Let me note that it seems like several hosted search offerings have gone away: FacetFlow (closed), Tapir (gone?), Firebase (docs tell you to use Algolia?). This might be something worth keeping in mind if you intend to invest time in learning and implementing one of these hosted solutions.
Host Server-Side Searching Yourself
I know this isn’t really in the spirit of static web sites, but if you need search, maybe you need to run some search software on your server.

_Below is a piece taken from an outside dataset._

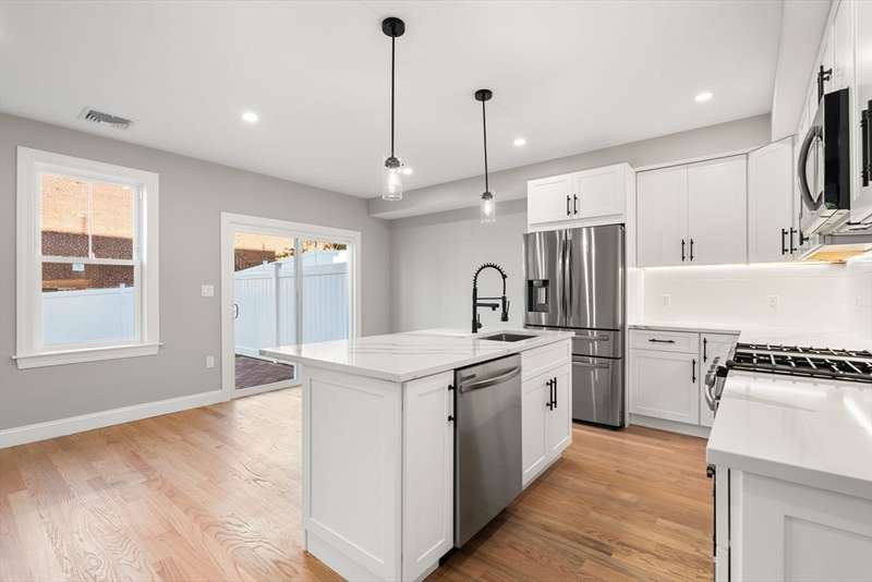 Located in the heart of Weymouth Landing s exciting redevelopment, 9 Vine Street presents a rare opportunity to own one of four brand-new townhomes designed for modern living. Each unit spans three thoughtfully planned levels and includes a private one-car garage and rear patio perfect for relaxing or entertaining outdoors. The main level boasts an open-concept layout anchored by a stylish kitchen with white cabinetry, gray-veined quartz countertops, and a center island ideal for gatherings. Upstairs, the spacious primary suite features a tiled en suite bath and generous closet space, complemented by two additional bedrooms, a full guest bath, and a dedicated laundry room. The top floor offers a large, flexible bonus room with wall-to-wall carpeting ideal as a family room, playroom, or home theater. Experience comfort, style, and convenience in one of Weymouth s most vibrant and evolving neighborhoods.

I did not do a ton of research into this area. The names that immediately come to mind are ElasticSearch, Apache Solr, and Lucene. I know next to nothing about any of those except that I’m pretty sure ElasticSearch and Solr are both built on Lucene so you’d probably want to start there. Of course there’s always good old PostgreSQL full-text search with some (hopefully trivial) front end on it. I stumbled into bleve, who I think have some kind of search server you can run, but I’m not actually certain about that.
I’m sure there are many others.
Client-Side Searching
I’m not terribly fond of the idea of sending my whole site index down to the client every time they load my page. It seems more than a bit rude, especially for people on metered Internet connections. Jakub Chodounský did, however, point out that his entire blog’s index is, “about 260kb [sic] before gzipping and 90kb after which is less than one nice image.” He also points out that the search is very fast, though I have to wonder if users on underpowered devices might disagree about that speed. Actually, go do a search on the SQLAlchemy documentation, which I believe is done on the client. It takes a surprisingly long time, and that’s on my MacBook Pro with Chrome, far from “underpowered” in any common use of the term.
But if you’re OK with sticking clients with your whole search index and heating up their laps/hands while you do the search, then you have options. Lunr is a JavaScript project which is, “A bit like Solr, but much smaller and not as bright.” Hugo, my static site generator of choice as I write this, has a few links on using Lunr (and others) to add search to your static site. In fact, that page will give you a few other options as well, such as Fuse.js.
Don’t Forget Indexing
You’ll need some kind of way to actually index your site. That’s going to depend on how your search works. If it’s Google CSE, for example, I think you index your site by waiting patiently. As I mentioned above, with Algolia I used a Hugo template to make a JSON file that I sent up to Algolia with atomic-algolia. Some software, like maybe Lunr or Solr, may come with its own tools to run through your content files.
There’s no single answer here, but I didn’t want you to forget, dear reader, of the need to actually get the content into whatever format your searching solution needs.